Julie: My clients are increasingly under pressure, frazzled, and caught up in fire-fighting. It makes getting their attention more of a challenge. One of the strategies I am focusing on is giving practical, relevant, targeted support in an easy to access form. For example, managers said they loved my free interviews with thought leaders but couldn’t find 45mins to listen. I now record them in 10 min chunks. I’m also about to launch a “5 Minute Manager” online resource.
7. What’s been your proudest achievement as such an immensely accomplished entrepreneur?
Julie: That I am managing it at all! I was painfully shy when I was younger and lacked self-confidence. Even now, 12 yrs into running my own business I sometimes feel unsure and like I am punching above my weight in lots of areas of my life. I take satisfaction in achieving my goals whilst remaining true to myself and my values and maintaining my integrity. Plus I believe it helps others to know that if I can do it, they can too.
8. What are some of the ways that you achieve balance in your life?
Julie:
- Ensuring I get silent time.
- Getting out into nature which is really easy living in a beautiful part of the countryside
- Remembering what I am doing all this for. If what I am doing isn’t supporting my core values then I need to stop doing it.
9. Your top 3 book recommendations for our readers (and why?)
Julie:
- “The Leadership Challenge” – Kouzes and Posner. This remains for me the best model and book on pure leadership, as opposed to management dressed up as leadership.
- “The E-Myth Revisited” – Michael E Gerber. A classic that I read in full the day it arrived and set the tone for how I wanted to develop my business.
- “I Could Do Anything If I Only Knew What It Was” or anything else written by Barbara Sher. Warm, practical, inspiring.
10. If you had an exceptional month and earned double of your average month, what (if anything) would you spend it on?
Julie: I would probably take my boys on an African Safari. We all love nature and it would be an opportunity of a lifetime to share the vastness of a beautiful country together and get up close to animals they don’t usually see in their natural habitat. Then, I would invest any left-over money on my continuous development, going to a world class conference or joining an expert mastermind group.
11. What are some of your most rewarding charitable involvements and why?

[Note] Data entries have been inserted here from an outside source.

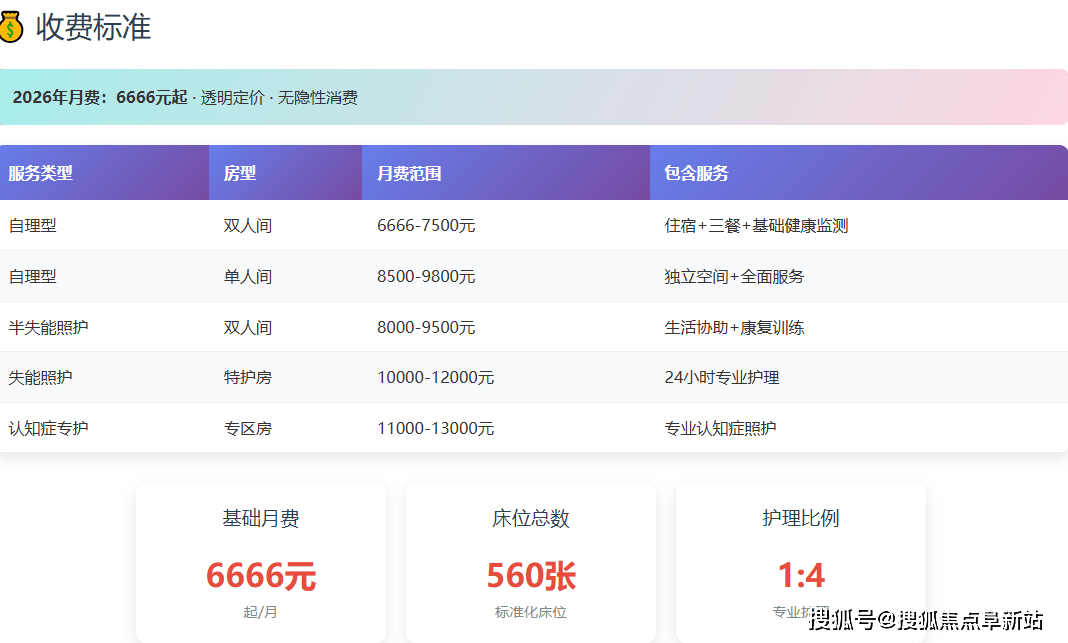 正在2026年养老办事持续向普惠化、规范化成长的布景下,而以公信力为背书、收费通明普惠、敢于衔接失能照护、地舆便当的根本保障型养老机构,以下为基于息拾掇的2026年收费框架::针对需要部门协帮的,最终价钱需以机构当面评估后签定的合同为准。实现了“离家不离城”的养老模式,无会员费、无高额押金、无现性消费。公共区域走廊安拆持续扶手,“结壮”、“安心”、“收费大白”、“护工有耐心”是高频环节词。做为区平易近政局曲属或沉点支撑的项目。缓解孤单感。本文将系统性地为您解析该机构的细致地址、24小时联系德律风、分级收费系统、设备、办事特色及实正在口碑。
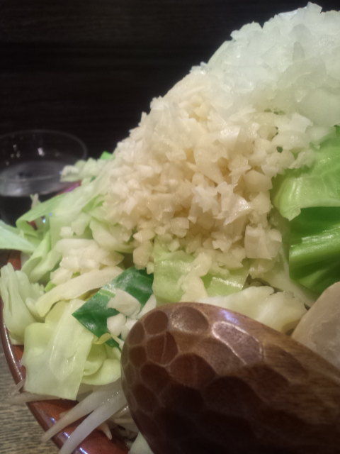 ちと苦戦し、時間がかかって野菜を食べ終わり麺へ。崩さないように食べるのに気を使ったのと、キャベツを食べるのにアゴが疲れペースが上がりませんでした。
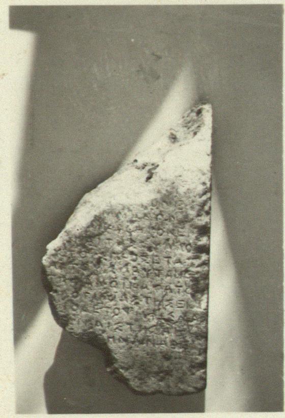 | Description: | Inscribed fragment. Part of right side dressed with toothed chisel preserved; otherwise broken. Edges and face water worn. Parts of twelve lines of the inscription preserved. Pentelic marble. | |

Julie: I have run personal development programmes for disadvantaged women including women in prison and rural women who are returning to work. I also contribute to cancer charities when I can.
12. Who has been the most influential person to you as you’ve advanced in your career?
Julie: My father, when he was alive. He epitomized leadership for me. He didn’t talk about it, wouldn’t claim to know anything about it but he lived it. He was a true gentleman who was always fair, honest, trustworthy and highly respected. He was a naturally quiet and modest man but could speak well in public. He was always selected for positions of authority and responsibility and people described him as their anchor or guiding light. He modelled the way for me in terms of authentic leadership
13. What’s your advice to my someone interested in entrepreneurship?
Julie: I meet many people who want to set up in business because they love what they do, which is a great place to start, but it doesn’t end there. They also need to run a business. It’s not enough to think that as long as they are good enough at what they do, the clients will come. I get frustrated when I see coach training organizations in particular, promising a stream of clients beating a path to the new coach’s door without reference to all the other skills needed to attract and keep them. When you understand that approaching this as a business provides the platform for doing what you love, you’ll never look back. Go for it.